La fiscalité en cas de rachat pour les expatriés

Le principe : Imposition au prélèvement libératoire

Pour les non-résidents, l’article 125AIII du CGI prévoit qu’un prélèvement libératoire est obligatoirement applicable aux revenus qui sont encaissés par des personnes n’ayant pas en France leur domicile fiscal.
Aux termes de ces dispositions, l’assureur a l’obligation d’imposer les produits servis à un non-résident au taux plein du prélèvement libératoire de l’article 125-0A (hors prélèvements sociaux) suivant la durée de détention du contrat et sous réserve de dispositions conventionnelles.

En tant que non-résident ou expatrié, il est impossible d’être imposé au barème progressif de l’impôt sur le revenu ; la fiscalité du rachat est automatiquement soumis au prélèvement libératoire forfaitaire (PLF).
Le taux forfaitaire est conclu entre les deux pays dans la convention fiscale bilatérale.

Pour rappel, les prélèvements forfaitaires libératoires français (PFL) changent selon l’âge du contrat : (sous réservation de convention fiscale plus favorable)

  • PFL de 35%  si le contrat a entre 0 et 4 ans.
  • PFL de 15% si le contrat a entre 4 et 8 ans.
  • PFL de 7.5% si le contrat a plus de 8 ans.

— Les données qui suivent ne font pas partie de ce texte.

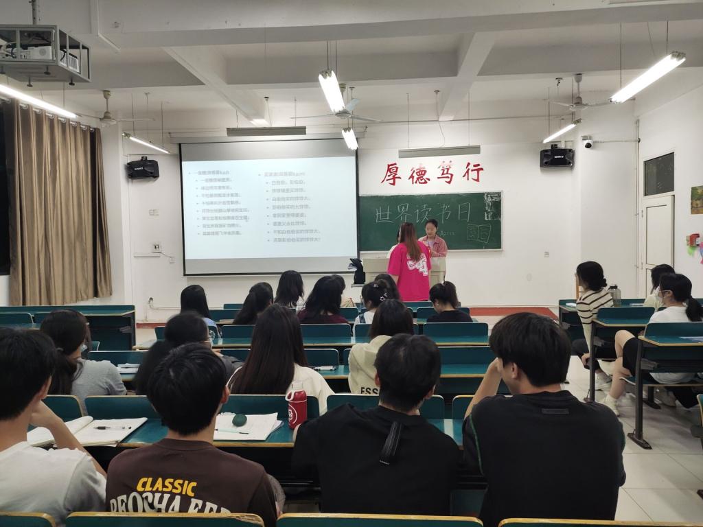 活动中,各班团支书通过观看了世界读书日的相关视频并结合了相关案例,详细阐述了世界读书日成立的伟大意义,分析了对于青年学生明确学习目标与方向的重要作用。同时鼓励同学们要结合专业要求与个人发展选择合适的书籍进行阅读,不断完善知识结构,扩大自我认知。
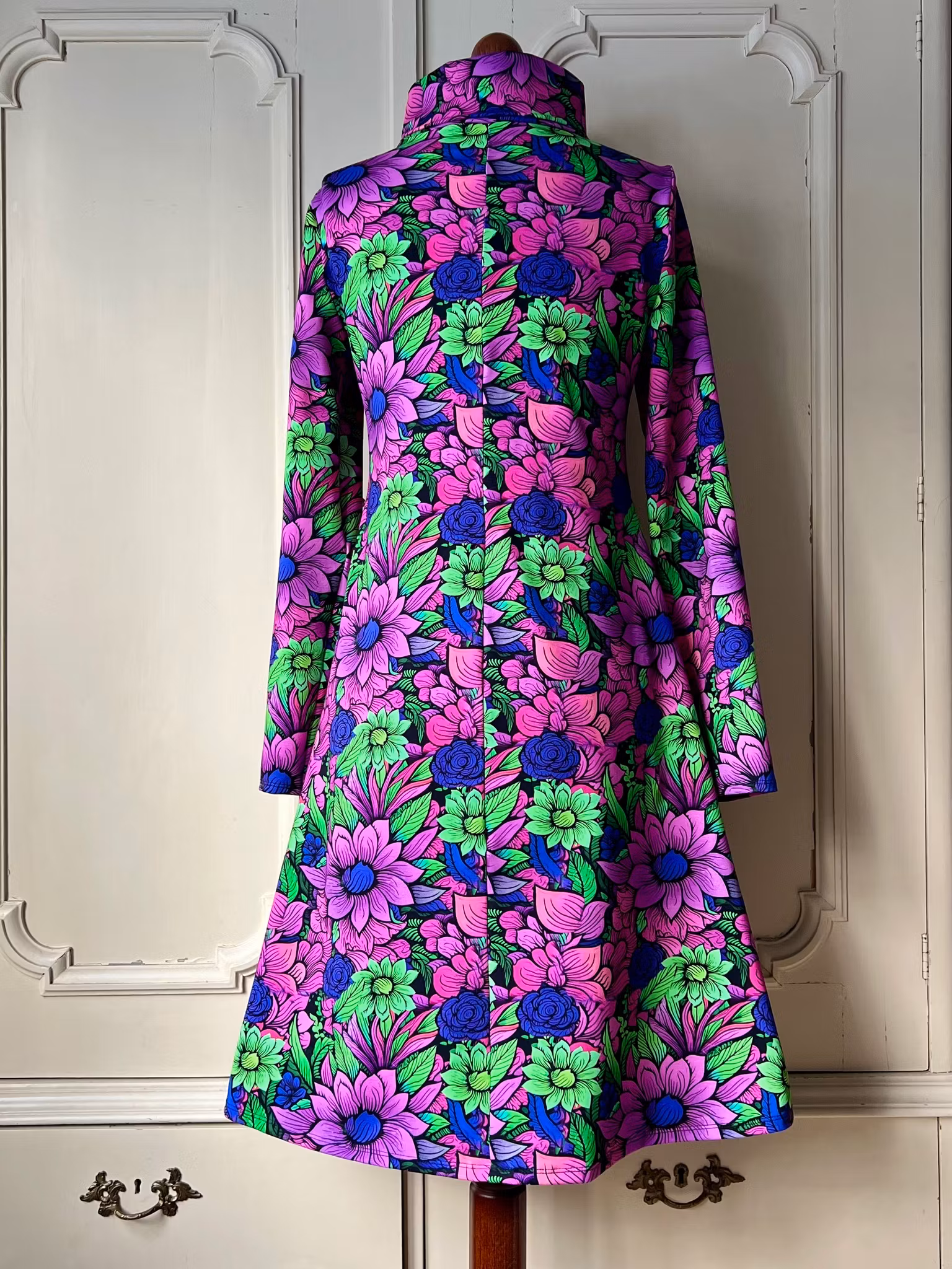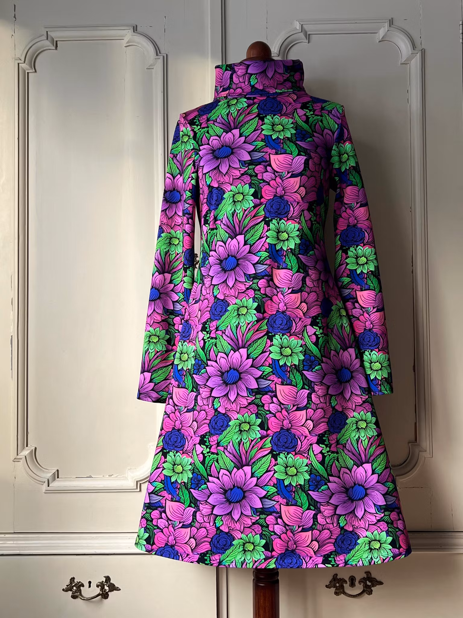 Klänning i A-linjemodell sydd i ett nyproducerat jerseytyg. Den har mjuk hög krage som dubbelviks och hellång ärm, samt tillhörande löst skärp. Klänningen sitter åt över bysten och får sedan mer vidd neråt.
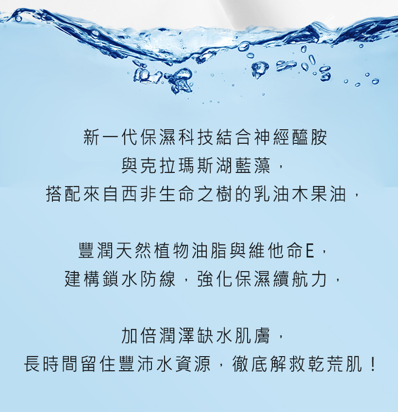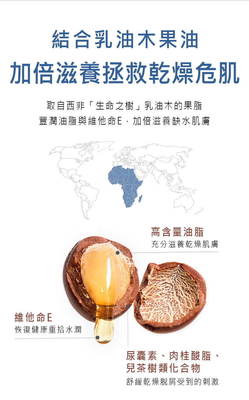 ◎ 乳油木果油豐潤天然植物油脂+維他命E,潤澤鎖水,預防乾燥脫屑
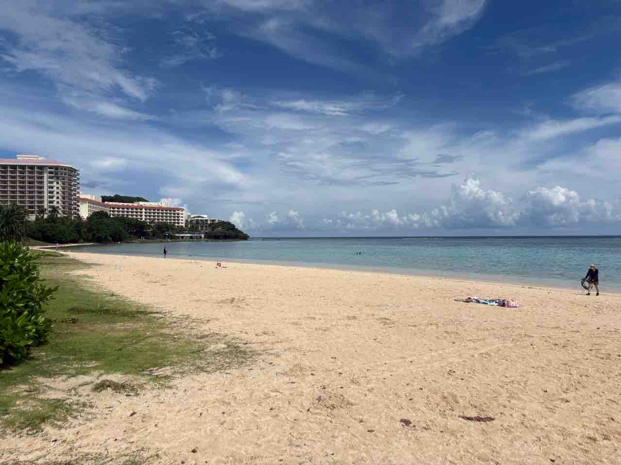 ここのビーチは、なだらかですがどんどん深くなり、波打ち際から数メートル進むと身長より深くなります。
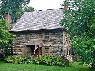 The Harlan Log House, also known as "The Log House," was built about 1715 by Joshua Harlan, is a well-preserved example of an English-style log cabin near Kennett Square, in Kennett Township, Chester County, Pennsylvania, United States. It is about a half mile west of the hamlet of Fairville. Joshua Harlan was the son of George Harlan, who arrived in Pennsylvania in 1687. Joshua was born in 1696 and was the cousin of the George Harlan, who built the Harlan House, about 12 miles north about 1724. Both houses are listed in the National Register of Historic Places.
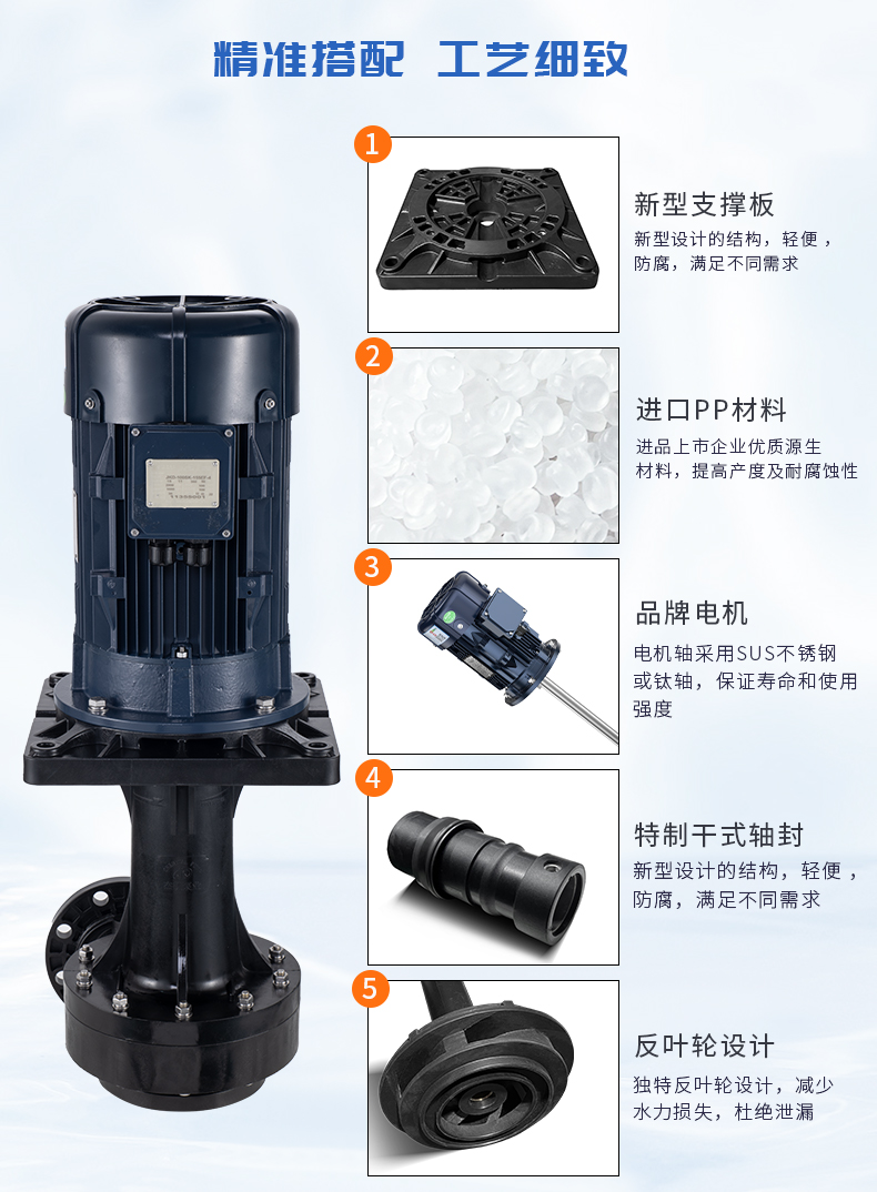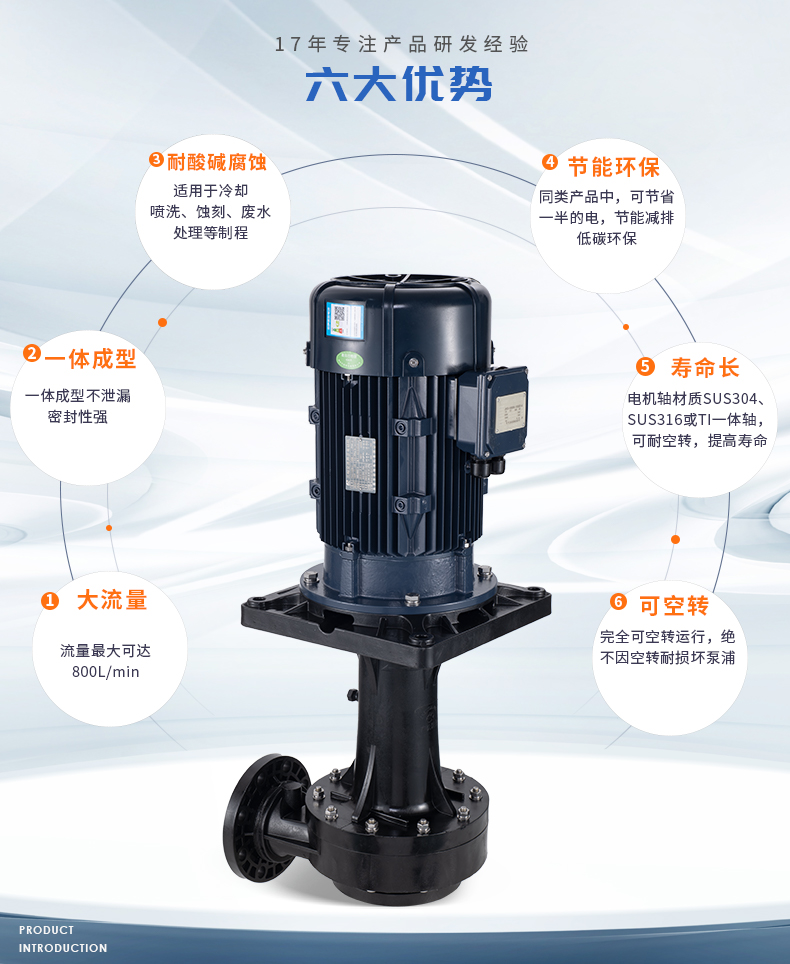 1、采用進口/上市企業優質原生料,大幅提高產品強度及耐腐蝕性; 2、特制的桿式軸封,配合SUS金屬或TI金屬一體軸,可耐空轉、防腐蝕,提高電機壽命; 3、創新型葉輪設計,一體成型工藝,效率高、性能穩定、壽命長; 4、獨特的反葉輪設計,減少水力損失,杜絕泄漏; 5、完全可空轉運行,絕不因空轉而損壞泵浦; 6、適合各種酸堿液體循環,適用于冷卻、噴洗、蝕刻、廢水處理等制程。

En revanche, si une convention fiscale existe entre les deux pays, le souscripteur pourra demander la fiscalité la plus favorable pour son patrimoine. De manière générale, le pays d’accueil offre une exonération partielle ou totale de fiscalité  et est plus favorable que la fiscalité française.

De plus, pour éviter la double imposition, les expatriés ou non-résident ont la possibilité d’imputer l’impôt payé en France sur l’impôt demandé dans le pays de sa résidence fiscale.
Seul inconvénient du statut, l’expatrié ne peut pas bénéficier de l’abattement français de 4600 € ou 9200 € appliqués sur les rachats après 8 ans de vie de contrat.

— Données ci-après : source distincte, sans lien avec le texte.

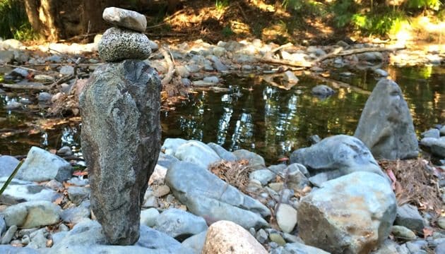 Interspersed among these creations are other naturally created ‘installations’ – a woven root, a cluster of fallen leaves, a rock pattern.
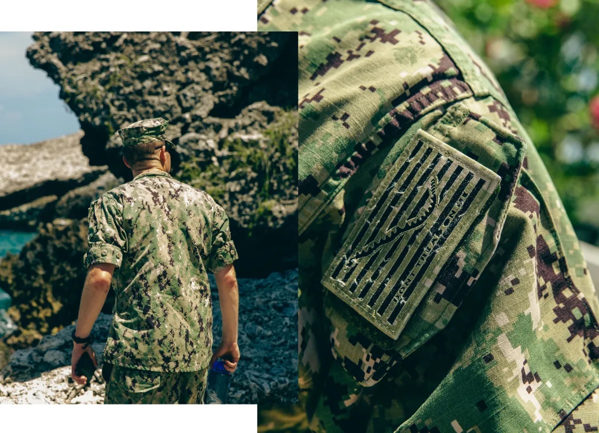 lleva un parche de "Don't Tread on Me" en su uniforme de la Marina, a
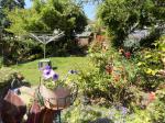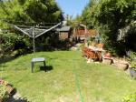Patio area with awning over, timber shed, greenhouse, further block paved patio, shrubs to borders, outside tap, apple tree, laid to lawn.
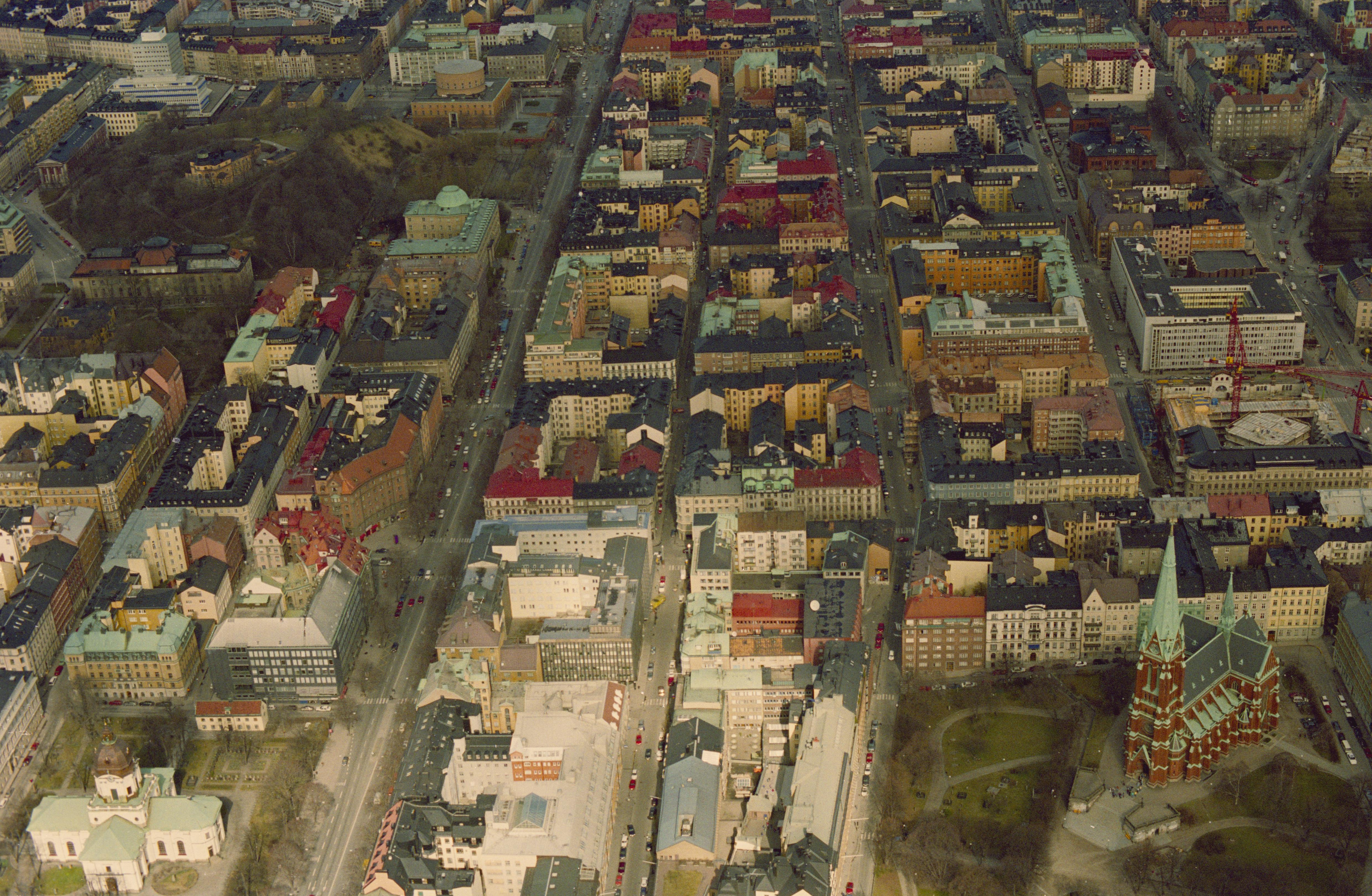 Beskrivning: Norrmalm. Gatorna Saltmätargatan, Sveavägen, Luntmakargatan, Döbelnsgatan, Tulegatan, Kungstensgatan, Rådmansgatan, Tegnérgatan m.fl. vid Kvarteret Jägaren m.m. Uppe till vänster Stockholms stadsbibliotek och Handelshögskolan. Johanneskyrkan nere till höger. Bilden är tagen mot (väderstreck): NNV

En présence d’une convention fiscale, quatre cas de figure sont alors à envisager:

  • aucun article ne se rattache aux produits visés à l’article 1250A du CGI: le droit interne français s’applique,
  • un article « intérêts » prévoit que l’Etat débiteur des produits peut effectuer un prélèvement à la source variant généralement entre 10 et 15 % selon les conventions : le droit interne français s’applique,
  • un article générique dénommé « intérêts Raquo » ; et visant les intérêts ou produits de créances de toute nature donne le droit exclusif d’imposer à l’Etat de résidence du bénéficiaire : aucune imposition en France
  • pour échapper aux dispositions de l’article 990-1, il est donc primordial de s’assurer, lors de la souscription du contrat d’assurance vie, que le non-résident ne risque pas de voir, à son décès, l’administration fiscale française opposer les dispositions de l’article 4 B.

Pour bénéficier de cette fiscalité de rachat spécifique, le souscripteur devra prouver sa non résidence fiscale française. Il devra le prouver grâce à une attestation fiscale délivrée par son pays de résidence et une attestation sur l’honneur.

En ce qui concerne les prélèvements sociaux, l’expatrié n’est pas assujetti, lors de ses rachats, aux prélèvements sociaux français (CSG-CRDS de 15.5% au 20 février 2014) s’il a le statut de non résident au moment du rachat.